Among the entries below, only the lines from the one with "Разъем: 3-контактный панельный" through the one with "1.テクスチャーのように存在" are wanted, reproduced exactly. Pictures are not wanted.
##### Records for the exercise #####
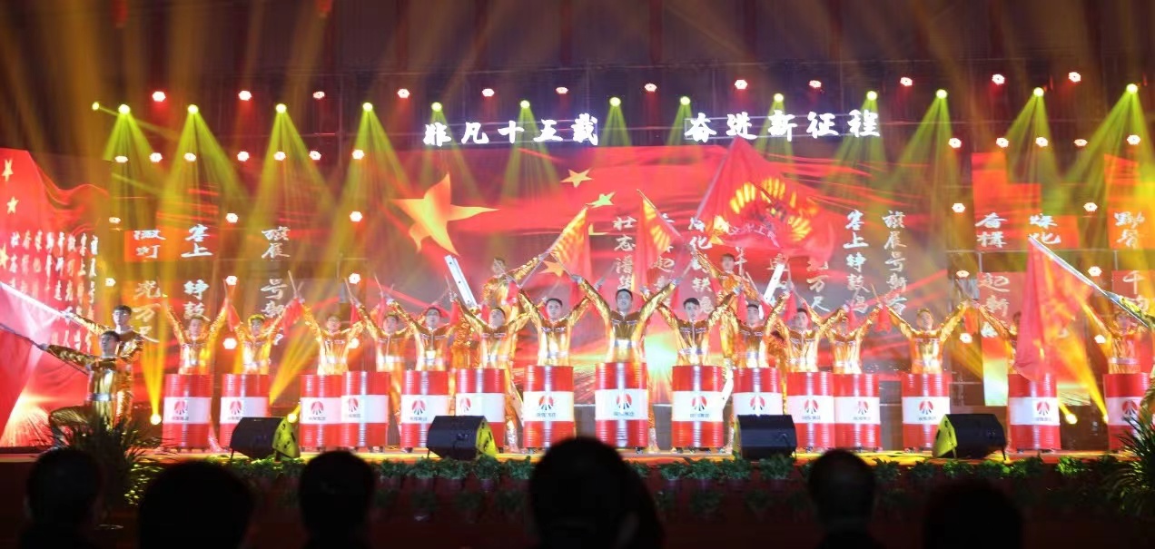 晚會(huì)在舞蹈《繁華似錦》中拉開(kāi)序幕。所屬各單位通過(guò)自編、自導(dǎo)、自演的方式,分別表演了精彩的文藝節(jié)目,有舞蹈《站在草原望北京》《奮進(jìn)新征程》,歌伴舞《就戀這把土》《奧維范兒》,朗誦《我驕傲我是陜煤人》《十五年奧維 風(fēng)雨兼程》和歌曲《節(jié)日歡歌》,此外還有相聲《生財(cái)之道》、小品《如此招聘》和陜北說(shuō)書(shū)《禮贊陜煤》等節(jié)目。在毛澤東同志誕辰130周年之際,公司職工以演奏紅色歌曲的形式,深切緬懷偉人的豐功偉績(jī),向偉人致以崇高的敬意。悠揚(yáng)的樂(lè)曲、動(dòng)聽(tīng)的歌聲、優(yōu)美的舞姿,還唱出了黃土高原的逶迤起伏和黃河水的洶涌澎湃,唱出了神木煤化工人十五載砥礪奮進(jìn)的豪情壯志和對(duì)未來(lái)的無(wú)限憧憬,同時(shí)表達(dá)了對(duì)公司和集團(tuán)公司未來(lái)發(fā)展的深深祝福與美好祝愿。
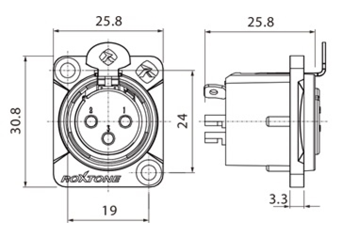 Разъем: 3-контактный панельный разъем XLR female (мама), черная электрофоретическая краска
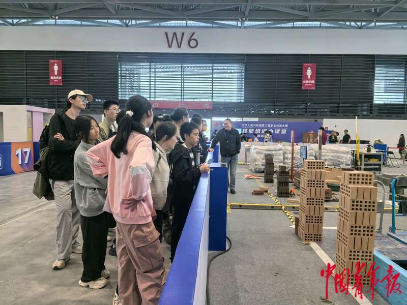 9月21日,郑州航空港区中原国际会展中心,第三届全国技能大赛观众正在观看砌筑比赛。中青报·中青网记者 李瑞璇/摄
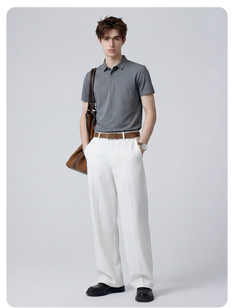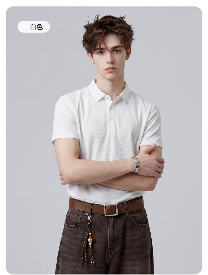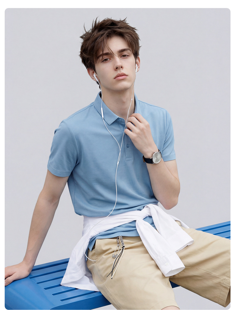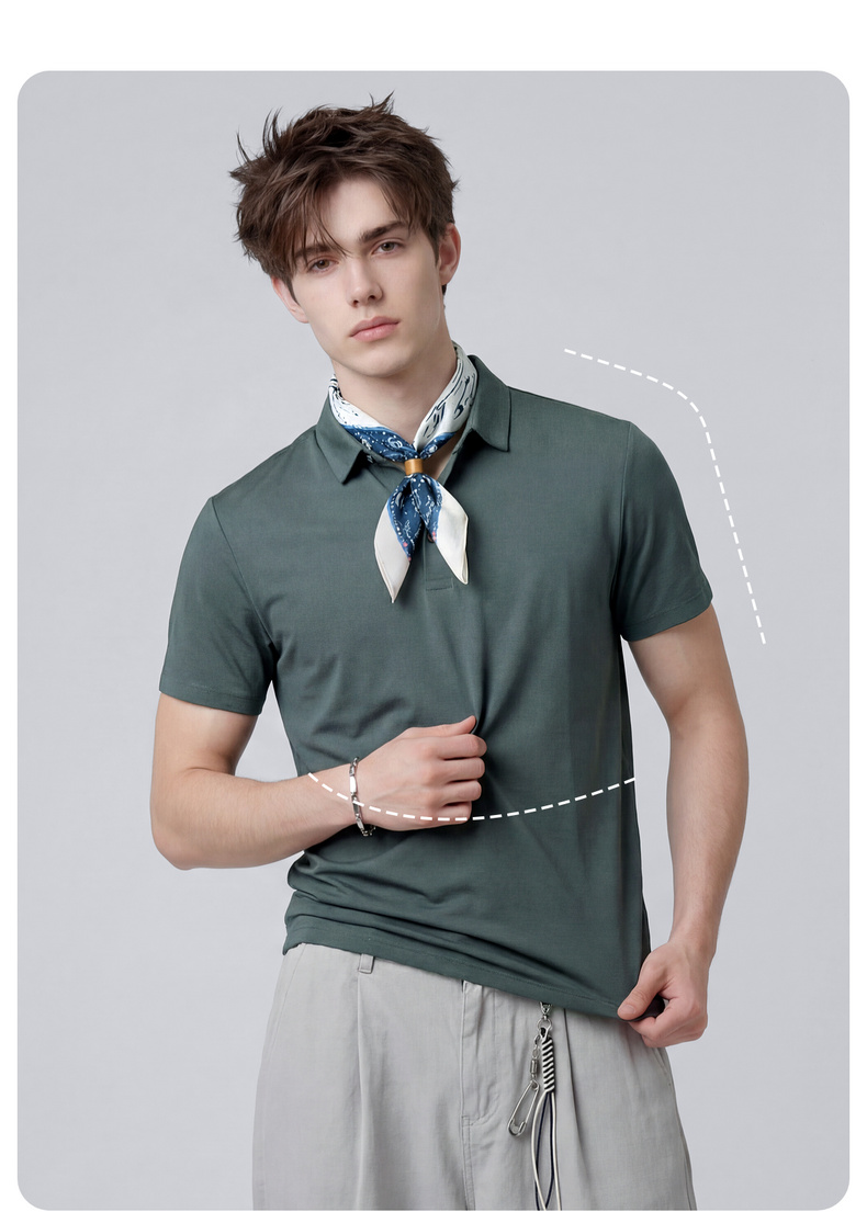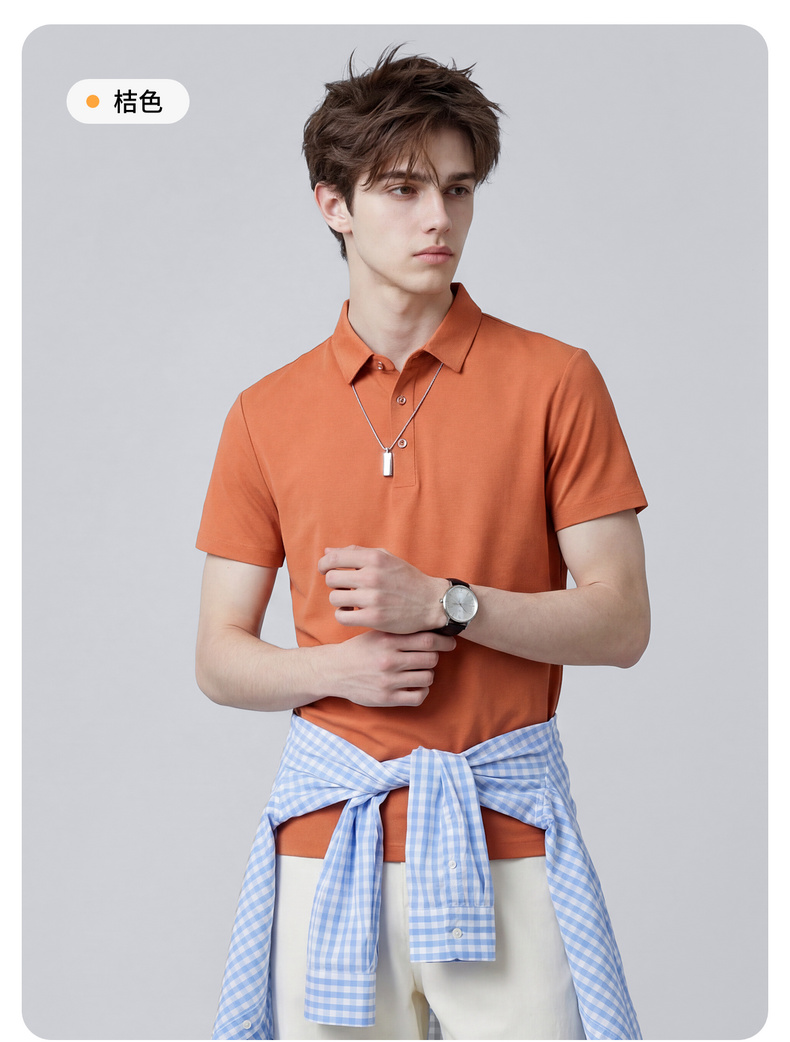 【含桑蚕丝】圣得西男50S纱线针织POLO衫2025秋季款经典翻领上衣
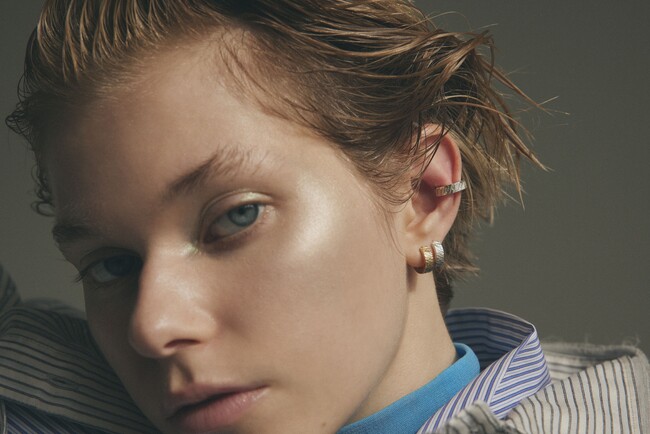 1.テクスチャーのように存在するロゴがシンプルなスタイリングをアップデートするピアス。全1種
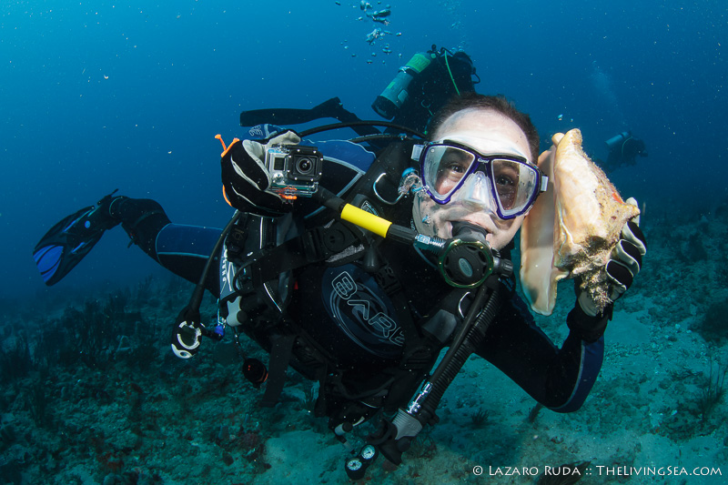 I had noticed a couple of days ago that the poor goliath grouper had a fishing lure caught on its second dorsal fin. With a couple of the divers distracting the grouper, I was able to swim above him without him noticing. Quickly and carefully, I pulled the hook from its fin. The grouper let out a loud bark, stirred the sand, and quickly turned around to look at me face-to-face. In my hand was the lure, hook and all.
#####
Reply –
 Разъем: 3-контактный панельный разъем XLR female (мама), черная электрофоретическая краска
 9月21日,郑州航空港区中原国际会展中心,第三届全国技能大赛观众正在观看砌筑比赛。中青报·中青网记者 李瑞璇/摄
 【含桑蚕丝】圣得西男50S纱线针织POLO衫2025秋季款经典翻领上衣
 1.テクスチャーのように存在するロゴがシンプルなスタイリングをアップデートするピアス。全1種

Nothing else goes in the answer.